The proposed greedy relay pair selection method is a stepwise forward selection algorithm, where we optimize the selection based on the SINR criterion at each stage. We begin the process with a single link selection where we examine the SINR for each of the links and choose the link with the highest SINR. The associated relay is then selected and the candidate relay pair is generated by adding the remaining relays, respectively. The optimum relay pair is subsequently selected according to the SINR criterion. Since buffers are equipped at each relay, it is possible that the corresponding relay pair entries are not available for either transmission or reception. In this case, the candidate relay pair from the first step with the second highest SINR is then chosen. Clearly, if all remaining candidate relay pairs are not selected due to the unavailability of the associated buffers, we reset the base relay and newly generated relay pairs are grouped in the second stage by adding other relays, respectively. Obviously, the number of all possible relay pair candidates at each stage is reduced gradually as the discarded relay pair from previous stages will not appear in the current stage. Hence, the relay pairs grouped at each step are presented as follows:

$$\begin{array}{ll} \mathrm{Stage \ 1:} &\left\{{\Omega_{1}^{1}}, {\Omega_{2}^{1}},\ldots,\Omega_{L-1}^{1}\right\},\\ \mathrm{Stage \ 2:} &\{{\Omega_{1}^{2}},{\Omega_{2}^{2}},\ldots, \Omega_{L-2}^{2}\},\\ &\vdots \\ \mathrm{Stage \ s:} &\{{\Omega_{1}^{s}},{\Omega_{2}^{s}},\ldots,\Omega_{L-s}^{s}\},\\ &\vdots \\ \mathrm{Stage \ L-1:} &\{{\Omega_{1}^{1}} \},\\ \end{array} $$

where \({\Omega _{i}^{s}}\) denotes the ith relay pair at the sth stage. Clearly, the maximum number of relay pairs that we have to consider for all L−1 stages is (L−1)+(L−2)+…+1=L(L−1)/2, since this algorithm stops when selected relay pair with its associated buffers are available, the associated complexity for the proposed greedy relay selection strategy is less than L(L−1)/2.

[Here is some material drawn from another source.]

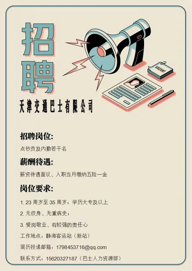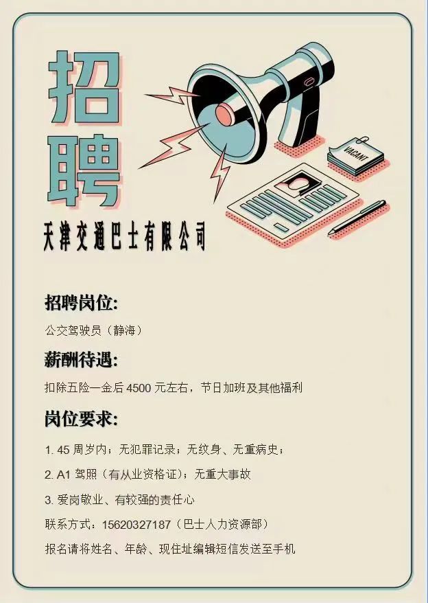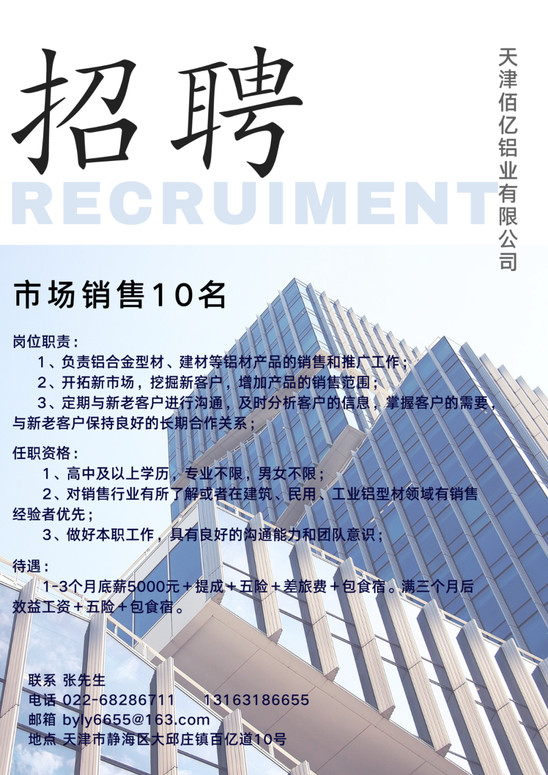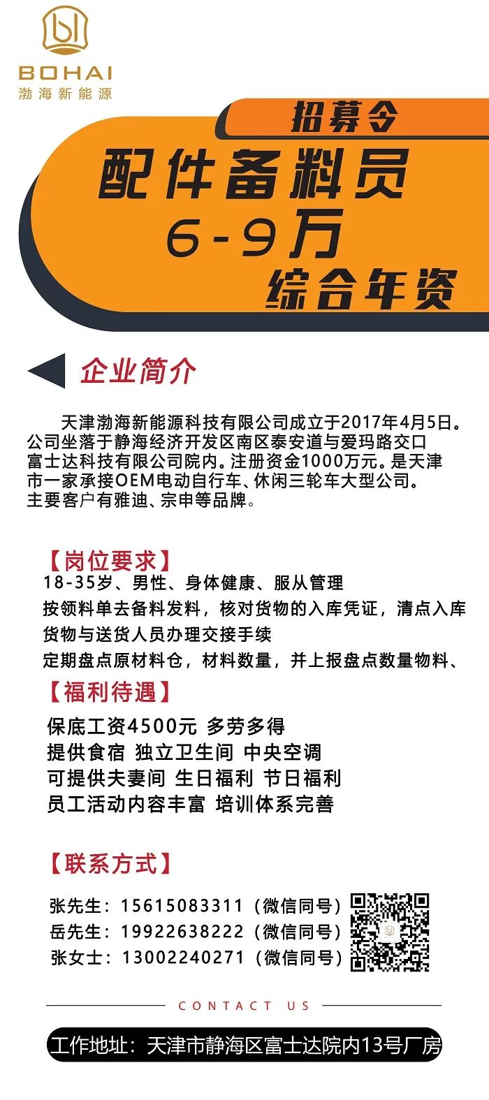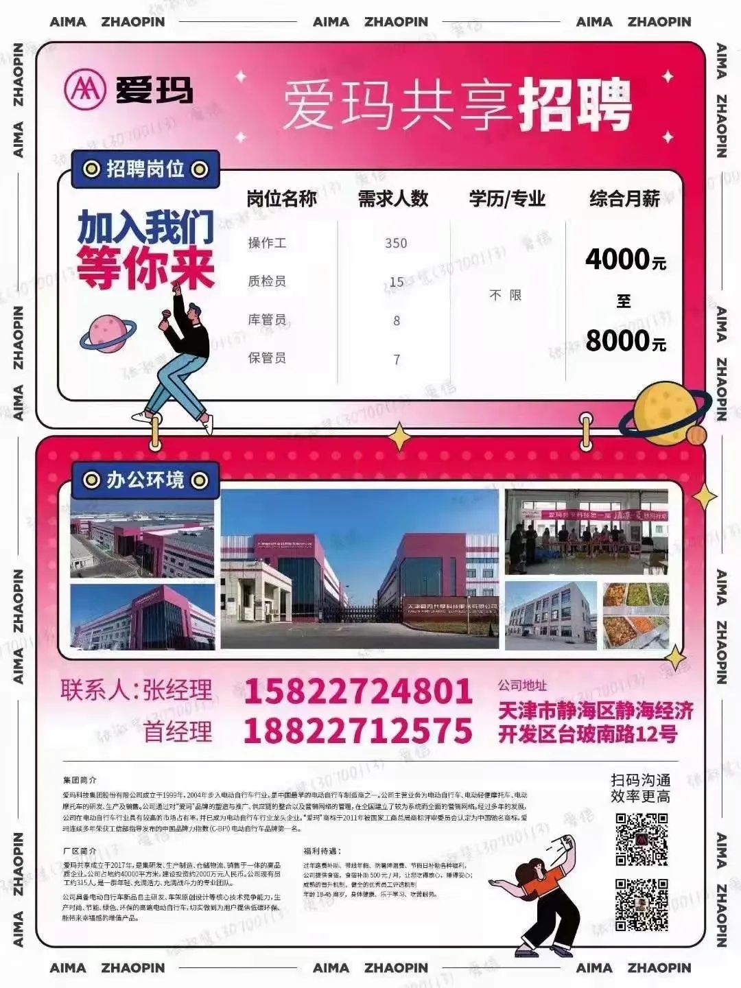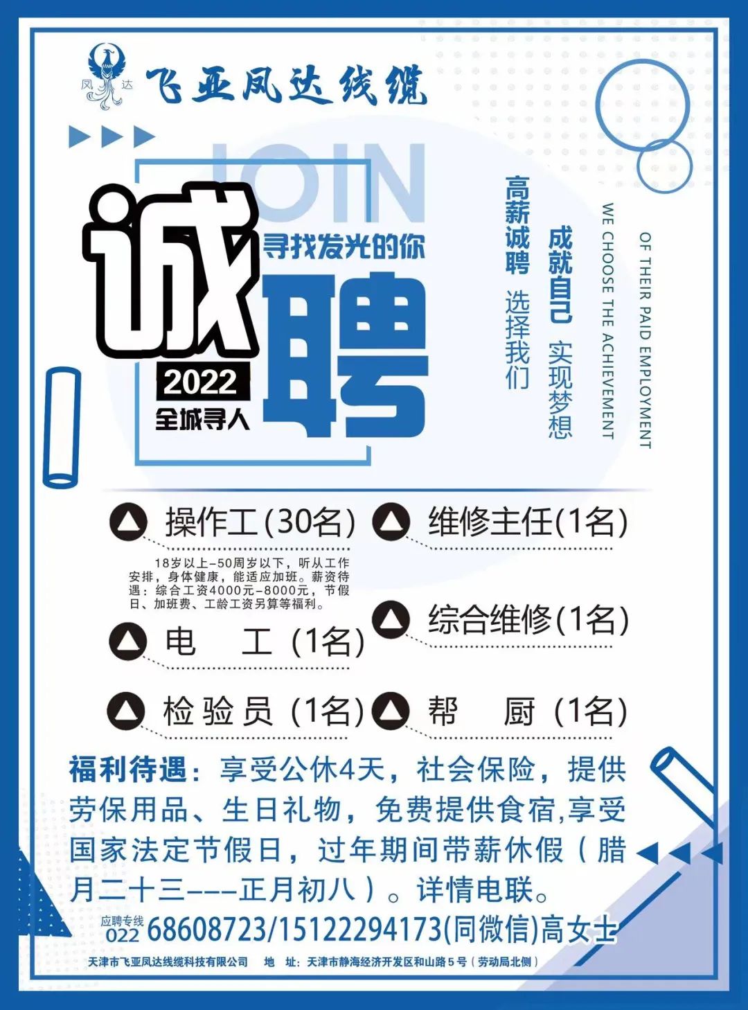 | 13672172017 | 工资5000左右,要求男性18-45岁,试用期一个月,成熟的晋升机制,节日福利,期待您的加入。电话: 地址:经济开发区南区台玻南路8号 |

Compared with the exhaustive search, which is considered as the optimum relay selection method, the number of relay pairs examined for the processing is given by

$$\mathrm{Stage \ 1:} \ \ \left\{{\Omega_{1}^{1}},{\Omega_{2}^{1}},\ldots,\Omega_{\frac {L(L-1)}{2}}^{1}\right\}. $$

The total number of relay combinations can then be calculated as \({C_{L}^{2}}=L(L-1)/2\), where each term \({C_{m}^{n}}=\frac {m(m-1)\ldots (m-n+1)}{n!}\) represents the number of combinations that we choose, i.e., n elements from m elements (m≥n).

Because the number of relay pairs that we have to consider for the greedy algorithm is less than exhaustive search, the proposed greedy algorithm provides a much lower cost in terms of flops and running time when compared with the exhaustive search. In fact, the idea behind the proposed algorithm is to choose relay pairs in a greedy fashion. At each stage, we select the set of relays with the highest SINR. Then we consider the availability of the buffers, if the corresponding buffer entries do not satisfy the system mode, we reselect the relay pair in the following stages. After several stages, the algorithm is able to identify the optimum (or a near optimum) relay set that can satisfy the current transmission. To this end, we state the following proposition.

Proposition 1

The proposed greedy algorithm achieves an SINR that is upper bounded as follows:

$$ \mathrm{SINR_{\Omega greedy}} \leq \mathrm{SINR_{\Omega exhaustive}} $$
(39)

Proof

We investigate the upper bound by comparing the proposed algorithm and the exhaustive search at the first stage. At stage 1, since \(\Omega _{\text {greedy}}^{s}\) is a candidate subset of the exhaustive search, we have

$$ \Omega_{\text{exhaustive}}^{1}=\text{max} \ \left\{ \Omega_{\mathrm{exhautive(i)}}^{1}, i\in\left[1,{C_{L}^{2}}\right] \right\}, $$
(40)
$$ \Omega_{\text{greedy}}^{s} \in \left\{ \Omega_{\mathrm{exhautive(i)}}^{1}, i\in\left[1,{C_{L}^{2}}\right]\right\}, $$
(41)

where \(\Omega _{\mathrm {exhaustive(i)}}^{1}\) represents the i-th relay pair selected at the 1st stage of the exhaustive relay selection method.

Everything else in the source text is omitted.